==== EXERCISE MATERIALS ====

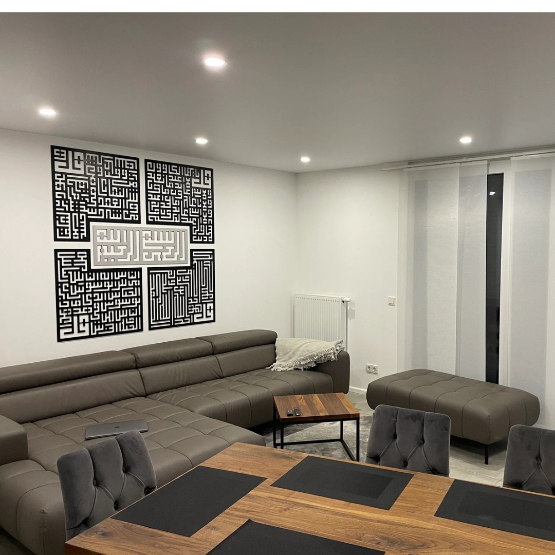 Elevate your space with the divine protection and elegance of the 4 Quls. This stunning Islamic wall art piece masterfully combines laser-cut MDF wood and radiant acrylic, featuring a central panel with sacred Arabic calligraphy surrounded by five decorative frames. Available in three sizes to grace any wall.
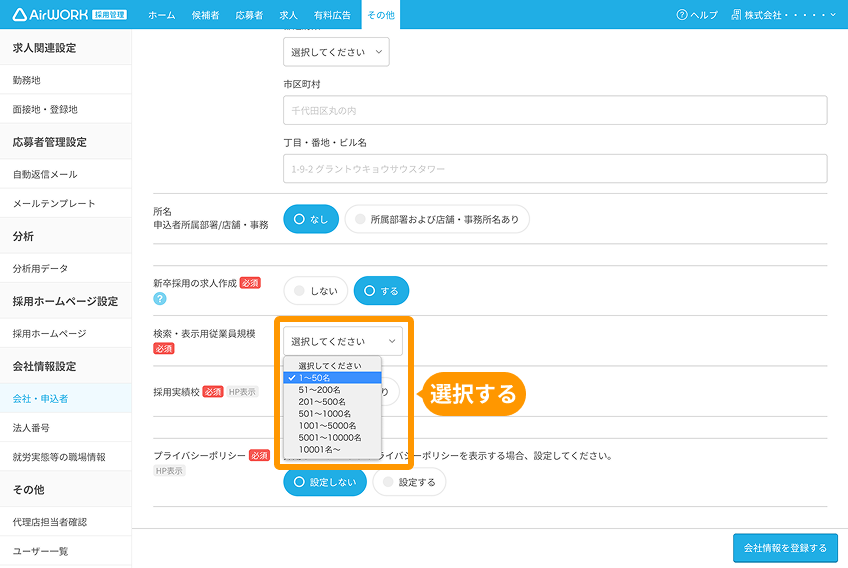 ③「検索・表示用従業員規模」で、現在の従業員数を選択
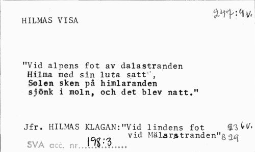 //// HILMAS VISA //// "Vid alpens fot av dalastranden Hilma med sin luta satt ', Solen sken på himlaranden sjönk i moln, och det blev natt." //// Jfr. HILMAS KLAGAN: "Vid lindens fot 9,111/. //// icxa.n vid Mälarstranden"g, 30 //// SVA ccc. nr. »TIO... ////
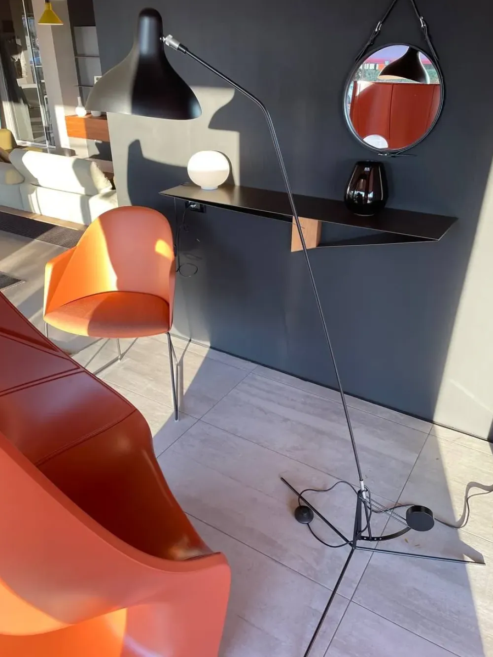 - Visto che gli ambienti domestici occorre che siano organizzati con una peculiare logica, cosicché i pezzi di arredo, tra cui anche l’illuminazione, ottimizzino lo spazio senza risultare d’intralcio, il marchio ha ideato una grande varietà di modelli di lampade, piantane e da tavolo, a sospensione nonché a parete; il modello qui presente è un bellissimo esempio di lampada da terra firmata dal marchio.
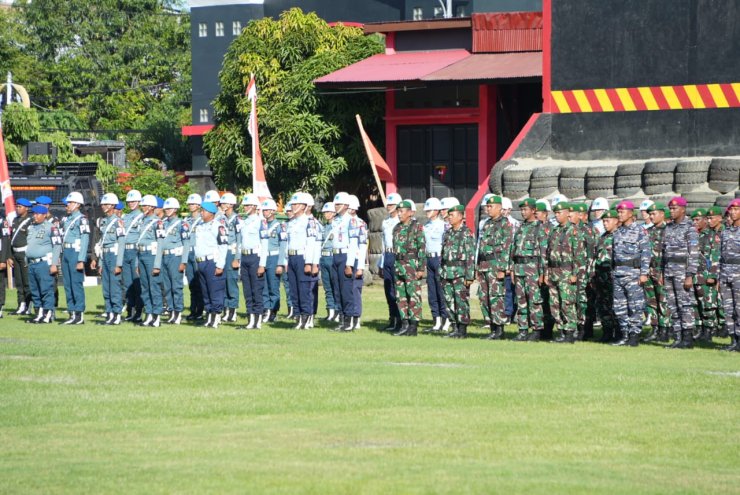 Kegiatan ini berlangsung di Lapangan Apel Mako Sat Brimob Polda Papua, Kota Jayapura, dan turut dihadiri oleh Para Pejabat Utama Polda Papua, Kapolresta Jayapura Kota, Kombes Pol. Dr. Victor D. Mackbon, S.H., S.I.K., M.H., M.Si., Para Pejabat TNI AD, AL, AU, serta gabungan dari Satpol PP, Jasaraharja, Pramuka dan Ormas.
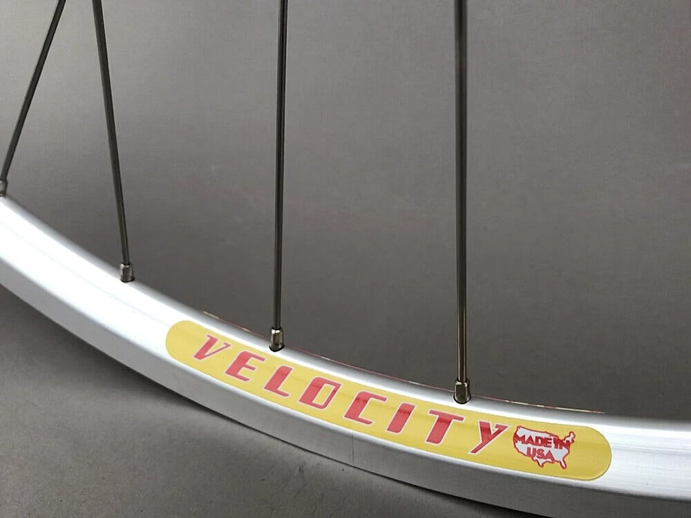 New Velocity Silver Dyad 32 Hole Rims – 18.6mm Inner Width, 24mm outer width, shaped like their A23 rims but thicker all around. Machined braking surface.
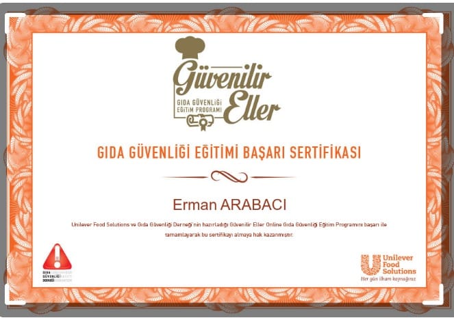 Arıcılık sektörüne merak salan ve son yıllarda bu alanda çeşitli başarılara imza atıp bal ve diğer ürünlerin üretimi ve pazarlaması konularında çeşitli eğitimlere katılı çok sayıda belge ve sertifika sahibi olana Erman ARABACI bu defa katıldığı eğitimde GIDA GÜVENLİĞ SERTİFİKASI almıştır.

====

ACTION ITEM -
In the records above, find the line containing "HILMAS VISA ////". Reproduce it and every line after it through the last line, omitting pictures.

EXERCISE RESULT -
 //// HILMAS VISA //// "Vid alpens fot av dalastranden Hilma med sin luta satt ', Solen sken på himlaranden sjönk i moln, och det blev natt." //// Jfr. HILMAS KLAGAN: "Vid lindens fot 9,111/. //// icxa.n vid Mälarstranden"g, 30 //// SVA ccc. nr. »TIO... ////
 - Visto che gli ambienti domestici occorre che siano organizzati con una peculiare logica, cosicché i pezzi di arredo, tra cui anche l’illuminazione, ottimizzino lo spazio senza risultare d’intralcio, il marchio ha ideato una grande varietà di modelli di lampade, piantane e da tavolo, a sospensione nonché a parete; il modello qui presente è un bellissimo esempio di lampada da terra firmata dal marchio.
 Kegiatan ini berlangsung di Lapangan Apel Mako Sat Brimob Polda Papua, Kota Jayapura, dan turut dihadiri oleh Para Pejabat Utama Polda Papua, Kapolresta Jayapura Kota, Kombes Pol. Dr. Victor D. Mackbon, S.H., S.I.K., M.H., M.Si., Para Pejabat TNI AD, AL, AU, serta gabungan dari Satpol PP, Jasaraharja, Pramuka dan Ormas.
 New Velocity Silver Dyad 32 Hole Rims – 18.6mm Inner Width, 24mm outer width, shaped like their A23 rims but thicker all around. Machined braking surface.
 Arıcılık sektörüne merak salan ve son yıllarda bu alanda çeşitli başarılara imza atıp bal ve diğer ürünlerin üretimi ve pazarlaması konularında çeşitli eğitimlere katılı çok sayıda belge ve sertifika sahibi olana Erman ARABACI bu defa katıldığı eğitimde GIDA GÜVENLİĞ SERTİFİKASI almıştır.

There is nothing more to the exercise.